■ Exercise data

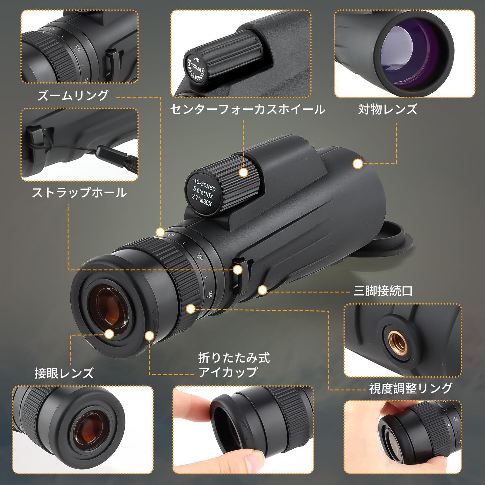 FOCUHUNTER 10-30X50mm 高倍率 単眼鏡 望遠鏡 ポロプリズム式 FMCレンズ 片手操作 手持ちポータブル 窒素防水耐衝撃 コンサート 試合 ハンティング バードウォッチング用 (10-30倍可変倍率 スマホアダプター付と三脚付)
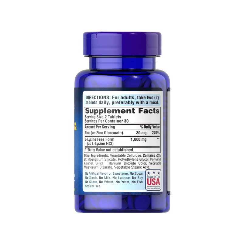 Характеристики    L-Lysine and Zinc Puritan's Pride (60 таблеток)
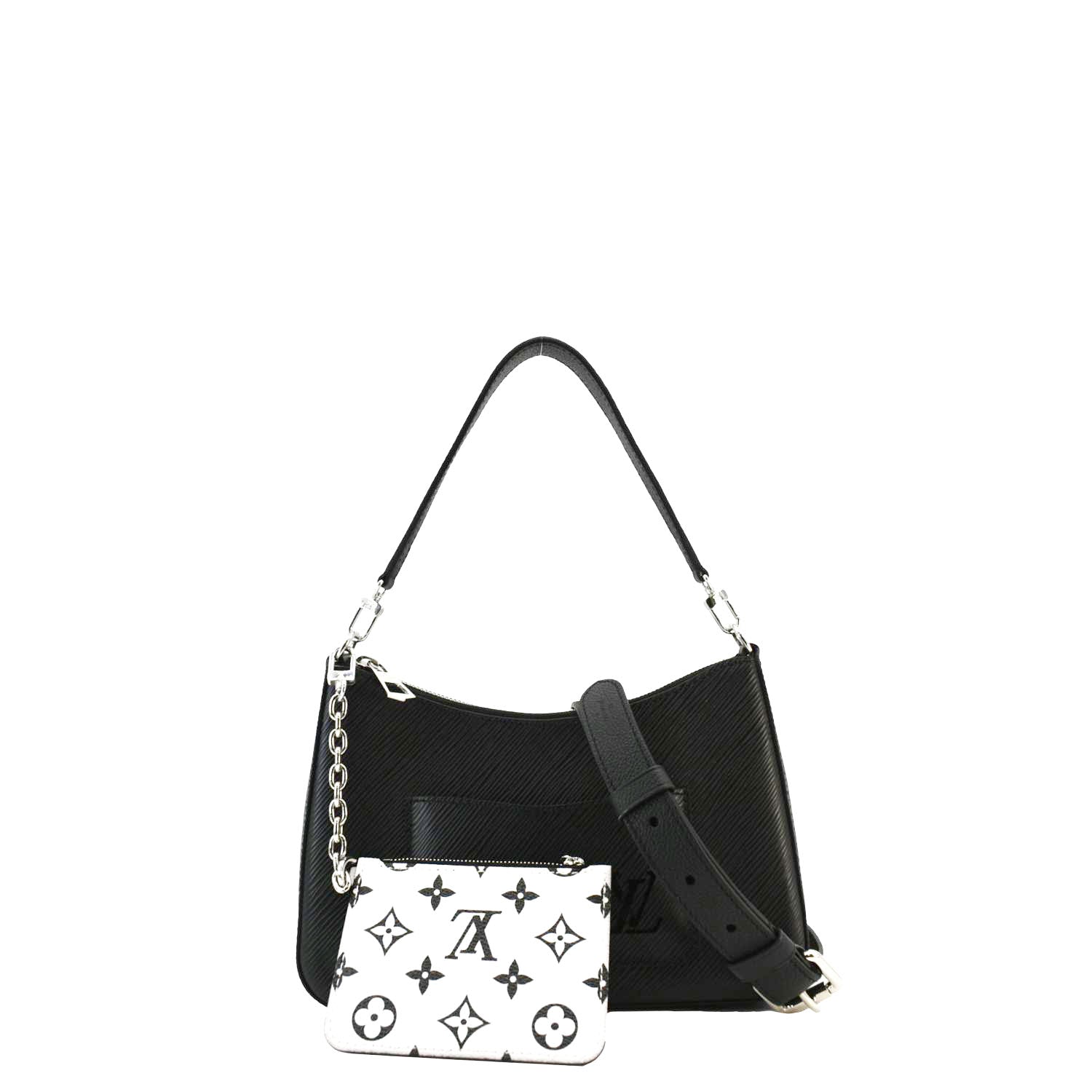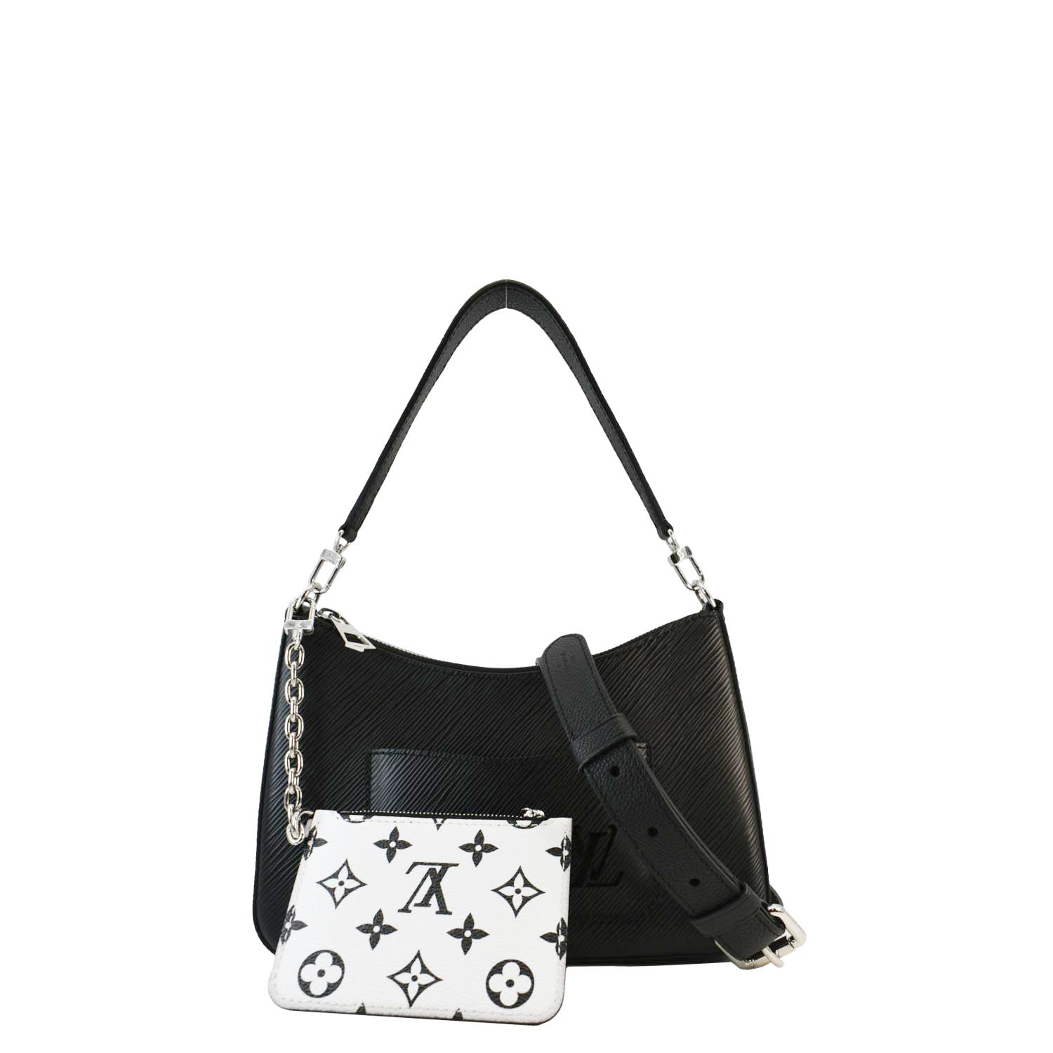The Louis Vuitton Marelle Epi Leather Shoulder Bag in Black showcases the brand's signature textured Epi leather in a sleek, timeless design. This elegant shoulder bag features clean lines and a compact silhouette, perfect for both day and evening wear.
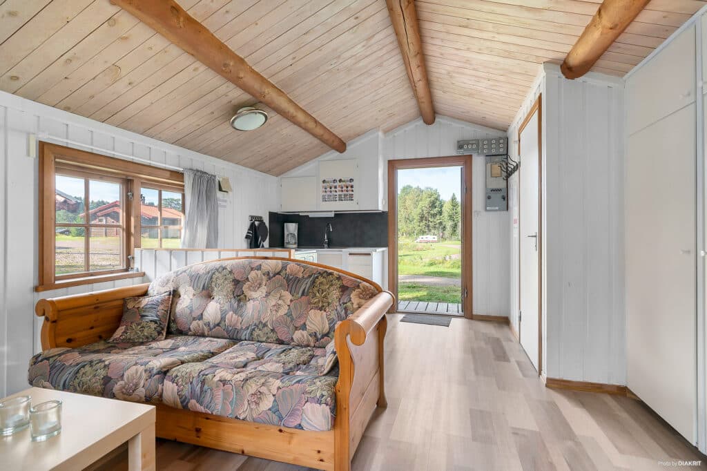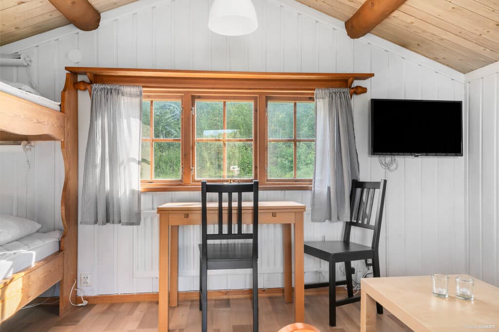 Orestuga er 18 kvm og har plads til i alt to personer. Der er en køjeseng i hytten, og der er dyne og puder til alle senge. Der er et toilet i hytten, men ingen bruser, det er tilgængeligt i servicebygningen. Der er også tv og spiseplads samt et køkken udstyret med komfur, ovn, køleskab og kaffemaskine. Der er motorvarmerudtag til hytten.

■ Exercise instructions
Without including any picture, reproduce the material above word for word.

■ Reply
 FOCUHUNTER 10-30X50mm 高倍率 単眼鏡 望遠鏡 ポロプリズム式 FMCレンズ 片手操作 手持ちポータブル 窒素防水耐衝撃 コンサート 試合 ハンティング バードウォッチング用 (10-30倍可変倍率 スマホアダプター付と三脚付)
 Характеристики    L-Lysine and Zinc Puritan's Pride (60 таблеток)
The Louis Vuitton Marelle Epi Leather Shoulder Bag in Black showcases the brand's signature textured Epi leather in a sleek, timeless design. This elegant shoulder bag features clean lines and a compact silhouette, perfect for both day and evening wear.
 Orestuga er 18 kvm og har plads til i alt to personer. Der er en køjeseng i hytten, og der er dyne og puder til alle senge. Der er et toilet i hytten, men ingen bruser, det er tilgængeligt i servicebygningen. Der er også tv og spiseplads samt et køkken udstyret med komfur, ovn, køleskab og kaffemaskine. Der er motorvarmerudtag til hytten.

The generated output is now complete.